Figure 7. After the learning process, the weight distribution between DLPFC and StrD1 (A), DLPFC and StrD2 (B), DLPFC, and PM (C). X axis represents the state, and y axis represents the action. The color in the rectangle of state-action pair represents the value of weight, and the closer the color is to yellow, the larger the weight is.

(2) Comparative evaluation. We compare the BDM-SNN model with the PFC-BG model with the same initial state (Zhao et al., 2017). The UAV is first situated in the upper-left, upper-right, lower-left and lower-right corners of window, and we conducted 15 experiments in every corner. The required steps from initial position to goal state (window's center) are recorded, and the average and variance are depicted in Figure 8. The results indicate that the BDM-SNN model needs fewer steps to finish the task compared to the PFC-BG model.
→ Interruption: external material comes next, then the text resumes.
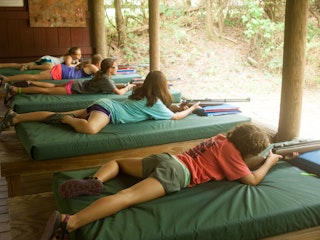 At the Riflery range our certified instructors help campers develop marksmanship skills while maintaining a controlled environment. We shoot .22 rifles and air rifles in the prone position. At the end of each session is Shoot-at-Random-Stuff Day where you can shoot holes through your favorite pair of jeans or whatever else you can think of.

The slight advantage is usually occurred when the UAV moves from one state to another state. The reason may be that the SNN model is dynamic and flexible to adapt new state while the mathematical optimization is relatively not that flexible. Because it has been indicated that Q-learning and Actor-Critic methods could not finish the UAV flying through a window task based on the discussion in Zhao et al. (2017), our method is superior to Q-learning and Actor-Critic methods.

FIGURE 8
www.frontiersin.org

Figure 8. The required steps from different initial states to goal by the PFC-BG model and the BDM-SNN model. The X axis represents the four initial states. The red circles represent the average required steps of the PFC-BG model. The blue squares represent the average required steps of the BDM-SNN model. For each method, we conduct 15 experiments in every initial state.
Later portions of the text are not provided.